Frank Moscatelli

Planes May Have Almost Toppled World Trade Center Towers On Impact

Science Daily The hijacked jetliners might have come close to toppling the World Trade Center Towers on impact on Sept. 11, according to new calculations by a Swarthmore College physics professor. This counters the views of most experts and a recent federally funded engineering study that concluded the planes lacked sufficient force to knock the towers down on impact.

"Certainly the loss of approximately 2,830 people in a single event is a tragedy," says Professor of Physics Frank Moscatelli, a native New Yorker. "But assuming an occupancy of 40,000 to 50,000 people in the towers alone at the time of impact, we could have had a catastrophe well beyond what we actually experienced last September."

The federal report, released last month, concluded the buildings could have remained standing if not for the enormous fires that broke out after they were struck by the hijacked airplanes. The report, sponsored by the Federal Emergency Management Agency and the American Society of Civil Engineers, supports statements made on the recent NOVA special Why the Towers Fell.

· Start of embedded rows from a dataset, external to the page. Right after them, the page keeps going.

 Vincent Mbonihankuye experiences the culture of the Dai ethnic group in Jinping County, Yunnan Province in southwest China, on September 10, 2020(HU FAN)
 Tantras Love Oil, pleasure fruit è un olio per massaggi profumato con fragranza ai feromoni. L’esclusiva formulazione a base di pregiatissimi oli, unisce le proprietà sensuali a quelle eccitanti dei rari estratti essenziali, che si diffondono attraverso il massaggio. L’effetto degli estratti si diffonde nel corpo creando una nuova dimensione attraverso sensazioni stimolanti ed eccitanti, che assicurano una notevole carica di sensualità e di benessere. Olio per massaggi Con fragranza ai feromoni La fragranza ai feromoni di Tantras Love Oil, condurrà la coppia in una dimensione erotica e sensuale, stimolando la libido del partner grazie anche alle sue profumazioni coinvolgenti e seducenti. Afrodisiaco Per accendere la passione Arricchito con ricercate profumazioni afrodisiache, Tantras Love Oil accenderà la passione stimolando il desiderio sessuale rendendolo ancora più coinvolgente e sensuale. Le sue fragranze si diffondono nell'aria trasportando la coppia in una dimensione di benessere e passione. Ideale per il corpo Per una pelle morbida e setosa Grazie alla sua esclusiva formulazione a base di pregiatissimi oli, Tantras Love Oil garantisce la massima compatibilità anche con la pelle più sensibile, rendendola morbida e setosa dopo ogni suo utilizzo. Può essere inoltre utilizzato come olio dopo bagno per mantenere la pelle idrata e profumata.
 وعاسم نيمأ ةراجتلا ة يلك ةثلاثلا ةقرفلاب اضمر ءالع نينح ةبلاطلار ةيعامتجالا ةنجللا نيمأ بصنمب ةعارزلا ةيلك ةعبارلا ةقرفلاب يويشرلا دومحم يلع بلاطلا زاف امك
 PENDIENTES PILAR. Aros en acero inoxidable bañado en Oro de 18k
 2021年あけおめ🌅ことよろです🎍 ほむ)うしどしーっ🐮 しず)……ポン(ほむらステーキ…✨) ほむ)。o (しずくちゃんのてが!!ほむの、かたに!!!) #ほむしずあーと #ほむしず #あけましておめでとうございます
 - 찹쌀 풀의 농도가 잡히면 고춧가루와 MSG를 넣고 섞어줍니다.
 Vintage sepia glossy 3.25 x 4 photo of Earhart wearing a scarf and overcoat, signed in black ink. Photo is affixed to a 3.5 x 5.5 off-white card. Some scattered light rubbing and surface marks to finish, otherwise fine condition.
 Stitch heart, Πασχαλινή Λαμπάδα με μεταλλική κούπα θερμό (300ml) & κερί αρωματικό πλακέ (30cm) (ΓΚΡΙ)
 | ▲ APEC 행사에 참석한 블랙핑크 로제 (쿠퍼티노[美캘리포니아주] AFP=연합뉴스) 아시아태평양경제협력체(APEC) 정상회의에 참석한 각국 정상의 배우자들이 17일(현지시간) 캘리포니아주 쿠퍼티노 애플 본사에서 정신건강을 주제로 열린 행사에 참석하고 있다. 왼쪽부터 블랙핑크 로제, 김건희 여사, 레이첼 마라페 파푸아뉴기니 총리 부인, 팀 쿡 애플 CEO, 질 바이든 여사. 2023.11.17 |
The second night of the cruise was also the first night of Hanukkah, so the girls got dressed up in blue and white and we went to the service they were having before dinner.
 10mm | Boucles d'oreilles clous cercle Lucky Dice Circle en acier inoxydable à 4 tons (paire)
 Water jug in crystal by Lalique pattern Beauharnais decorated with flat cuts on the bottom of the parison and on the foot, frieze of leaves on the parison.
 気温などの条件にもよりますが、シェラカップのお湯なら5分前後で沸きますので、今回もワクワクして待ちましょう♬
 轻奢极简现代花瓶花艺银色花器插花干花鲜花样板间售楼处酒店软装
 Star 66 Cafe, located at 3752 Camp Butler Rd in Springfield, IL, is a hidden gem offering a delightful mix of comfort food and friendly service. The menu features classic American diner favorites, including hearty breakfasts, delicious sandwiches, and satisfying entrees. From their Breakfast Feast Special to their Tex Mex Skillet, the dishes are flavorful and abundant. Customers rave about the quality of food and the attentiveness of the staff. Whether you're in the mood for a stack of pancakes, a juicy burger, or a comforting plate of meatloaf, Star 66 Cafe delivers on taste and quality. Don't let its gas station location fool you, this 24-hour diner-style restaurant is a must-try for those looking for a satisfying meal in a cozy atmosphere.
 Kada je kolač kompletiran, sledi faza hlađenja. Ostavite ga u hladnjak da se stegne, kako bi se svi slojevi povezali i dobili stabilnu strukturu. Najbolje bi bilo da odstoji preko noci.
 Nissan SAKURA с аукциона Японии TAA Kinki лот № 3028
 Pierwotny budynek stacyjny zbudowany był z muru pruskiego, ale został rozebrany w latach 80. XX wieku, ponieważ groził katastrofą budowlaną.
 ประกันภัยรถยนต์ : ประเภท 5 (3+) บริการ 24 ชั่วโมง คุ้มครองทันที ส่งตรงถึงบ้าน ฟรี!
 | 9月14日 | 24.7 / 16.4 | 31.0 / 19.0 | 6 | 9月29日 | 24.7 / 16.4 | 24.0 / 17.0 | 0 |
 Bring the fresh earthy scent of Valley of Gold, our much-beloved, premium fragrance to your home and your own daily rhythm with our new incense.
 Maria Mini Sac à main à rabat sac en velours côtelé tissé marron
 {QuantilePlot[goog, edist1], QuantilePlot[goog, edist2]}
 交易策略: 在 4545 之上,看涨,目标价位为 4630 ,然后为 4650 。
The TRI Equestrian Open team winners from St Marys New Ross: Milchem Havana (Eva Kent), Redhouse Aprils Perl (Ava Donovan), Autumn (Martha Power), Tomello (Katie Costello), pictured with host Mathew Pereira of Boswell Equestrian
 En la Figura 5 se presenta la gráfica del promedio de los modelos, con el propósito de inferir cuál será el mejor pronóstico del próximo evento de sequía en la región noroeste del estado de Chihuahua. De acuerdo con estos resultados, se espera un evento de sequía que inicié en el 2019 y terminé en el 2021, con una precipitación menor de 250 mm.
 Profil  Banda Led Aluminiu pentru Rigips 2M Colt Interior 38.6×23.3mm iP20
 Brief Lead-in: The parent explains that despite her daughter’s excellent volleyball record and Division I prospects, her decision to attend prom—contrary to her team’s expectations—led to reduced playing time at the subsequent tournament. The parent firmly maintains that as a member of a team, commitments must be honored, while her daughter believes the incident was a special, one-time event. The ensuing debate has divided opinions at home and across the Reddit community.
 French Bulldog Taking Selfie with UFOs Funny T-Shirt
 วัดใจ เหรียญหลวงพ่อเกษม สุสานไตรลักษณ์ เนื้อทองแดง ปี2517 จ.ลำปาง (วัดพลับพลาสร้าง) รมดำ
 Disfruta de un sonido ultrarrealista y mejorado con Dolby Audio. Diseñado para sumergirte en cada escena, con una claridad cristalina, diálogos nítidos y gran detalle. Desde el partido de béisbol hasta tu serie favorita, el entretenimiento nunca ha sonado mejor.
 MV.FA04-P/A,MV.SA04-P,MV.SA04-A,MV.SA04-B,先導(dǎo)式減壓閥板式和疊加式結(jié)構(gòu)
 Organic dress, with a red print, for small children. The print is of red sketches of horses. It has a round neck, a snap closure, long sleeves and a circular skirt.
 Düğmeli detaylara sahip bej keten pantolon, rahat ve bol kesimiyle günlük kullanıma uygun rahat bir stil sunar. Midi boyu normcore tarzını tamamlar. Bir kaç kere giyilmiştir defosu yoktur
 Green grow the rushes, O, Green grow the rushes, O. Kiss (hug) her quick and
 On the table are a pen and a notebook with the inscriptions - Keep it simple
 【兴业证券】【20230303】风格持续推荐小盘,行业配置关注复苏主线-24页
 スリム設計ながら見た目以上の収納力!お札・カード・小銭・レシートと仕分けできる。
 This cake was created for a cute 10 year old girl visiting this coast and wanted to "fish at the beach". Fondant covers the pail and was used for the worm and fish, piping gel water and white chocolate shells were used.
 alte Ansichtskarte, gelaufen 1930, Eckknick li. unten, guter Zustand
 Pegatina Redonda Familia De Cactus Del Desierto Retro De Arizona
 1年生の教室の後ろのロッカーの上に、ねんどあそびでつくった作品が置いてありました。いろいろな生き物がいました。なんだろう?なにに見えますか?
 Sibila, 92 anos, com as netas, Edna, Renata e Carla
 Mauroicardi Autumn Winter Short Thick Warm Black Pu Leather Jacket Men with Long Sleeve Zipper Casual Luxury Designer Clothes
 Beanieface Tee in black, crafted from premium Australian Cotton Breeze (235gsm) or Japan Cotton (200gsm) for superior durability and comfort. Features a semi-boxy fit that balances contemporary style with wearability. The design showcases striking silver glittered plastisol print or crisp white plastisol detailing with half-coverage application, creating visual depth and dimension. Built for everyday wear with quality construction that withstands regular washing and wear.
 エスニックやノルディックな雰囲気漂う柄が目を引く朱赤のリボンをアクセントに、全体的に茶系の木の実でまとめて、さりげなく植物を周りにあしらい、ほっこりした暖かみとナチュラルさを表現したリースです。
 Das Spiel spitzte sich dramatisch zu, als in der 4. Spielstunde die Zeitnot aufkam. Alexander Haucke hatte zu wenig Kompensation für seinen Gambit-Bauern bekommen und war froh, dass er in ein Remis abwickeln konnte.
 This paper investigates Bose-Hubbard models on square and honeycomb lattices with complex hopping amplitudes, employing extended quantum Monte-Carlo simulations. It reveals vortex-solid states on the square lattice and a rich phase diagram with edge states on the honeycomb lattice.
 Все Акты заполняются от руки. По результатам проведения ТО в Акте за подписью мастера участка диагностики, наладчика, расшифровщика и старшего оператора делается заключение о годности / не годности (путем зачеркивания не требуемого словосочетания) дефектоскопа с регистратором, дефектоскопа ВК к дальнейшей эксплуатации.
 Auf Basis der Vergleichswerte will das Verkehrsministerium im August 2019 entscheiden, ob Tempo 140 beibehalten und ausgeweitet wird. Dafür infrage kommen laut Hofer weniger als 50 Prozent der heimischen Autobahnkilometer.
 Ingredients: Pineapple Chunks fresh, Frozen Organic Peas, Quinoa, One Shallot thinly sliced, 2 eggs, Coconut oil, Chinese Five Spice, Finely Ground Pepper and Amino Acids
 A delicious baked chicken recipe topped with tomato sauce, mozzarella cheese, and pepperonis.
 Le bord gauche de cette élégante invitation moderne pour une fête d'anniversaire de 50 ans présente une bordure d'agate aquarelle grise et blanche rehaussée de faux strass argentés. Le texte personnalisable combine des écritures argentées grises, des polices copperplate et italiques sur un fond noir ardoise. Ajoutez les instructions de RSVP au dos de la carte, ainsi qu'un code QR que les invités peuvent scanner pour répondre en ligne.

But Moscatelli contends that the report's conclusions and similar expert opinions err by focusing solely on force. "You must also compare the torque, which is a physical measure of 'twist' produced by the planes with that due to the wind load the towers were designed to withstand," Moscatelli says. "Comparing the static weights of the buildings and planes is wrong. The planes were moving, and that clearly changes the problem. The buildings did not have to bear the weight of the planes; they had to stop the planes."

Moscatelli calculated that the torque applied by the planes' impact -- 7.7 million ft. tons -- actually exceeded the amount the towers were designed to resist due to wind load -- 7.4 million ft. tons. "So they could have immediately collapsed, if not for the fact that neither object is a rigid body and that the towers flexed quite a bit upon impact with the planes," he says. "If they had not at least bent temporarily, they would have been in danger of instantly toppling."

Moscatelli also determined that the 11,000 tons of force required by the towers to resist the wind barely exceeded the 7,000 tons of force required to stop the planes. "In fact, the stopping force for the plane scales as the square of its velocity, so if the plane was traveling at 564 mph these forces would be equal," he says. "This is probably why the terrorist pilots flew at such an uncommonly high speed for that aircraft, at that altitude, for that particular maneuver. They flew as if they wanted to knock them down, and I think we cannot conclude that they were so far off from doing just that."

Moscatelli previously calculated that of the three sources of energy delivered to the twin towers on September 11 -- exploded jet fuel, kinetic energy due to the motion of two aircraft, and gravitational potential energy due to the falling building material -- the last was the most devastating. This is supported by the extensive damage caused to surrounding buildings, as noted in the federal report.

"My calculations show that the largest component by far was the latter," Moscatelli says. "This is due to the large mass and height of the towers. The airplanes destroyed 20 stories of the buildings, and gravity did the rest. Their splendor was their undoing."

Located near Philadelphia, Swarthmore is a highly selective liberal arts college with an enrollment of 1,450. Swarthmore is consistently ranked among the top liberal arts colleges in the country.